I can't see you any more, baby/Can't see you any more

And when I finally resolved it to my satisfaction at the end:

No, I don't want to see you any more, baby

That solved the hardest part, because I didn't want the breakup of their relationship to be just society's fault. I wanted the girl to take some responsibility for it, too. I saw that last 'baby' as an ironic comment on her cowardice. Frances Stern, my school guidance counselor, helped me enormously. She told the administration I needed heavy counseling, then let me sit outside her office and write instead of attending classes. I wrote most of 'Society's Child' like that, holed up in an uncomfortable chair trying to ignore the bell that signaled the start of the next period.

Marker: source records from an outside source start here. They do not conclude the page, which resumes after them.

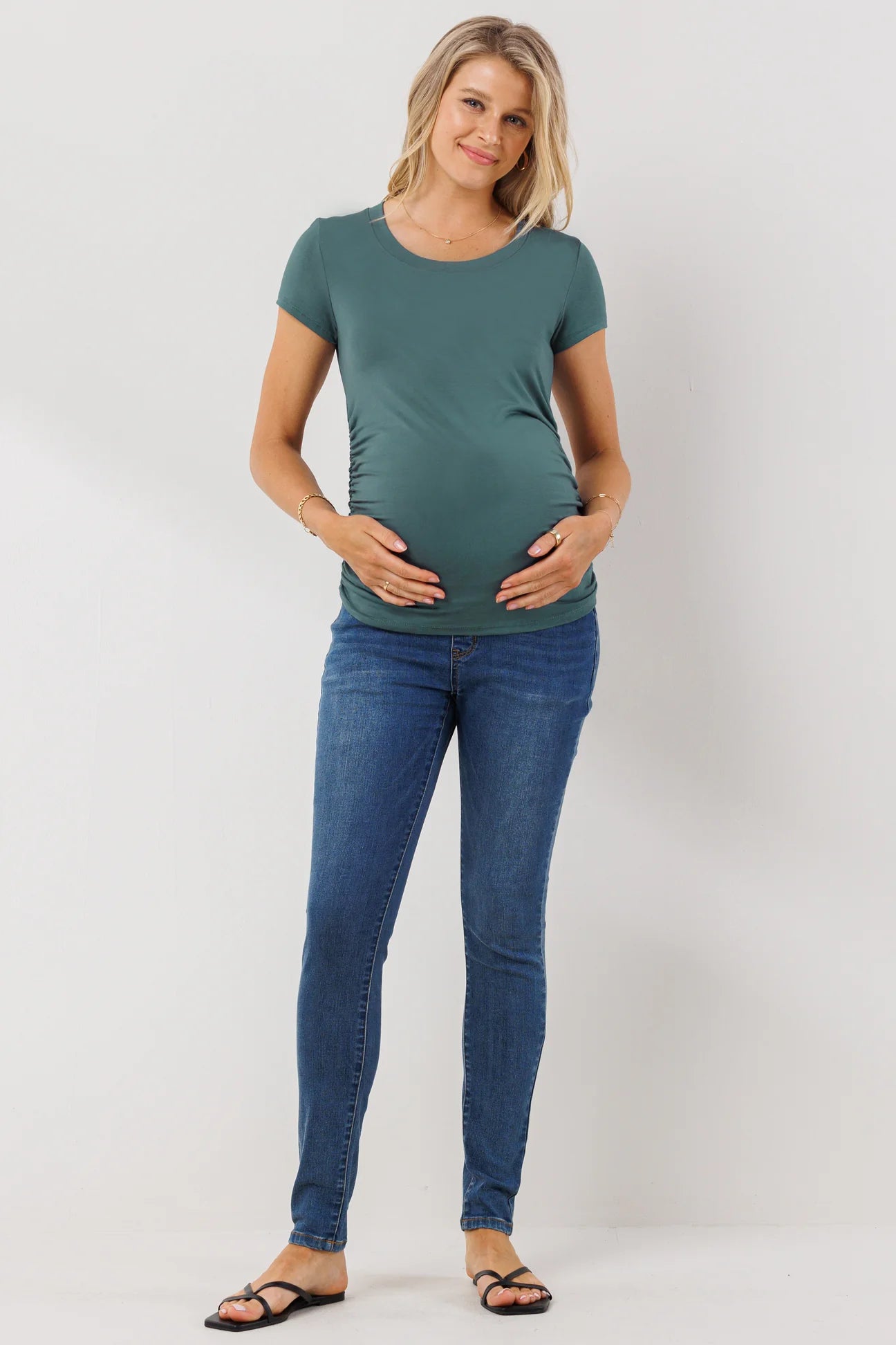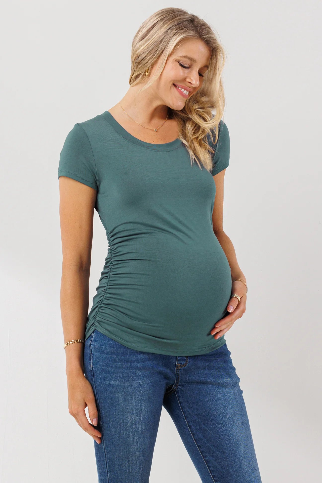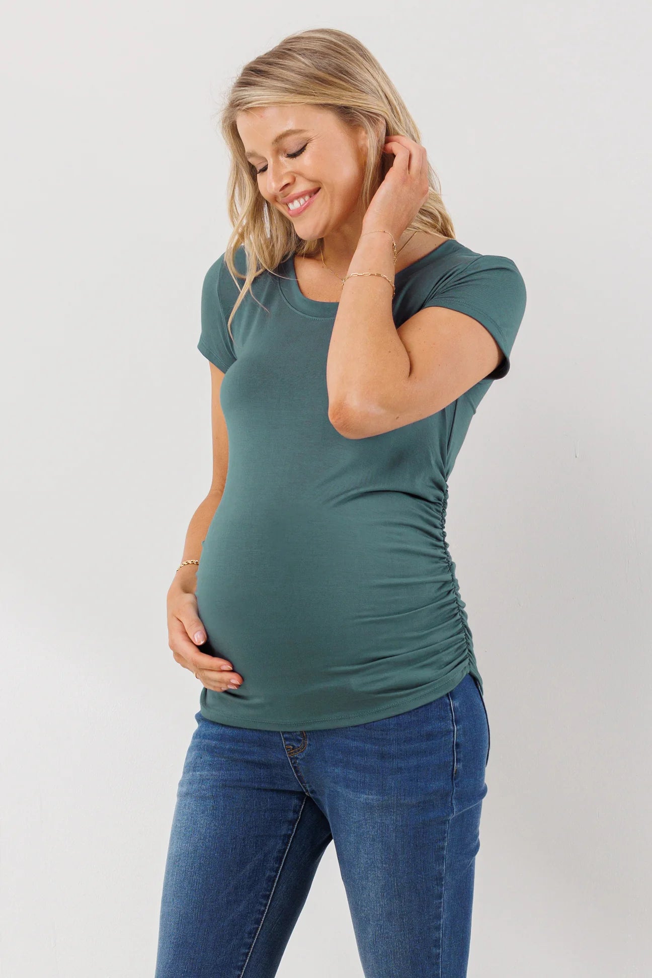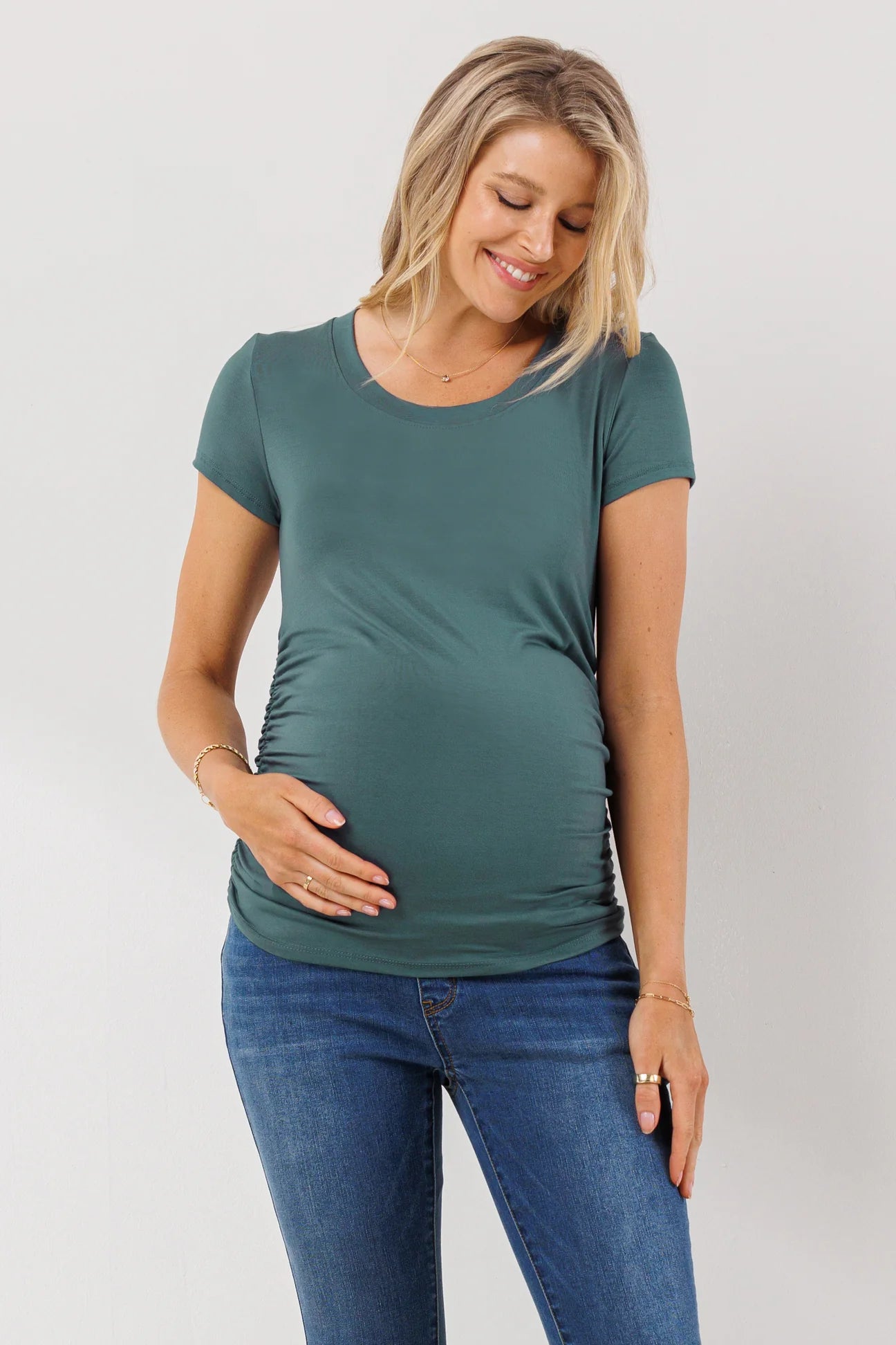 One essential piece for every new maternity wardrobe is a great tshirt. When you  start to notice your regular tops becoming a little tight and a little short, it's time to stock up on some basic tees that will go the distance with you. The side ruching will flatter your growing bump and allow this super-stretchy tee to fit perfectly in every stage.
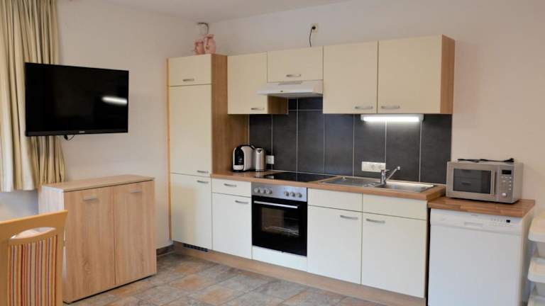 Die Ferienwohnung umfasst 1 Schlafzimmer, ein Wohnzimmer mit TV, eine gut ausgestattete Küche mit Kühlschrank und Geschirrspüler sowie 1 Badezimmer mit Badewanne.
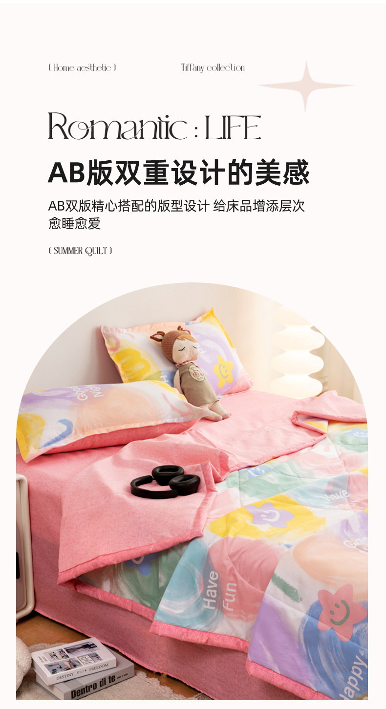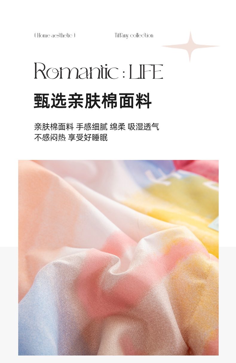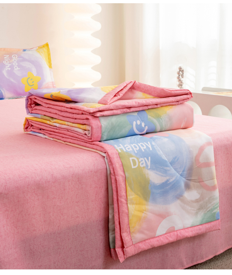 乐居坊 2024新款亲肤舒适印花芦荟棉夏凉被四件套 彩虹微笑
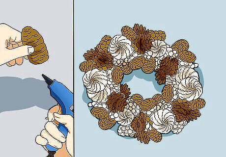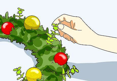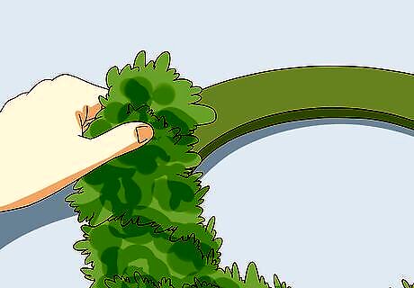 Arrange the base items on your wreath. This includes items such as greenery or large flowers. If you are making a fall wreath on a grapevine base, you could use pinecones for this step instead. If you are using a garland for the wreath base, wrap it around the wreath frame instead so that you can't see it anymore. If you are working with an evergreen wreath, take a moment to fluff up the branches. Wrap a string of battery-operated lights around an evergreen or grapevine wreath for a festive display.
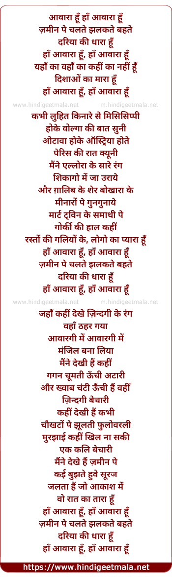 Lyrics of Haan Aawara Hu - आवारा हूँ हाँ आवारा हूँ
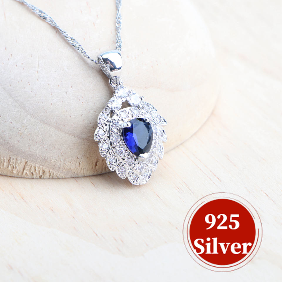 Wedding 925 Sterling Silver Blue Sapphire Jewelry Sets for Women Cubic Zircon Topaz Bridal Earrings Ring Pendant Necklace Set
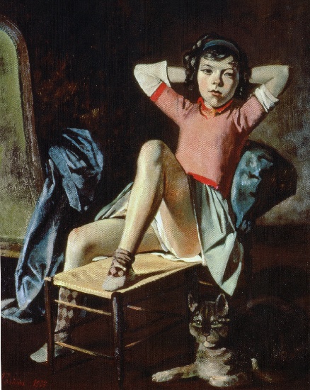系列画作“巴尔蒂斯:猫和女孩”,这位法国艺术家关注猫科动物和童年黑暗面的起源和排列。巴尔蒂斯对青春期的终生迷恋造就了他最具标志性的作品:青春期门槛上的女孩,徘徊在纯真之间和知识……”
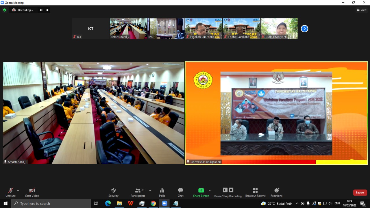 ”Kegiatan workshop ini dilakukan karena ada beberapa juklak PKM yang terbaru karena disesuaikan dengan program MBKM. Sebab akan ada konversi SKS bagi mahasiswa yang ikut berpartisipasi. Tahun 2022 kita akan mempersiapkan Peksiminas. Kuota Proposal untuk Universitas Balikpapan Tahun 2022 untuk PKM yaitu 40 Proposal,“ ujar Ir Rahmat Rusli.

David Geffen and "The Graduate"

I signed with William Morris, a huge booking agency, and started getting offers to write film scores. My agents, David Geffen and Hal Ray, were busy going through them. We had a meeting one day where they presented me with a script for something called "The Graduate," and advised me to pass. One of them said, "It's going to be directed by Mike Nichols, who is good, but as a director of a major motion picture he's pretty much untried. It stars some short, big-nosed unknown kid with a funny name and bad hair. The story line is silly – Up With People type graduates from college, has an affair with his mother's close friend and neighbor, falls in love with the neighbor's daughter, then runs away with her after breaking into the church where her wedding's being held. Oh, and he locks everyone else inside the church with a big cross, while he and the chick make their escape by bus. Ridiculous."

Janis Joplin

My album got nominated for a Grammy, and Life magazine decided to profile me...We went to California, where The Byrds opened for me and I played to sold out houses. I did the Berkeley Folk Festival with Big Brother and the Holding Company and Janis Joplin became a good friend. She was seven or eight years older than me, but it didn't matter. We both had bad skin. We both felt overweight. We were both outsiders. The only difference is that she'd slept with more people than I had. We went to a party at Peter Tork's house one night, where everyone was wearing bright silk Indian clothing and crashing on a floor filled with pillows and hashish pipes. There were dozens of naked people lolling around; I shrugged it off, trying to look cool. Joplin took me to another party and introduced me to Olive Watson, granddaughter of IBM's founder. Olive in turn made us matching suede pants, and at the next party, I watched as a heroin dealer went around the room, giving free shots to all and sundry. When Janis' turn came, she looked up at me and rasped, 'Kid, time for you to go home.' As I turned at the door to tell her goodbye, the shot was sliding through her brown suede pants and into her thigh.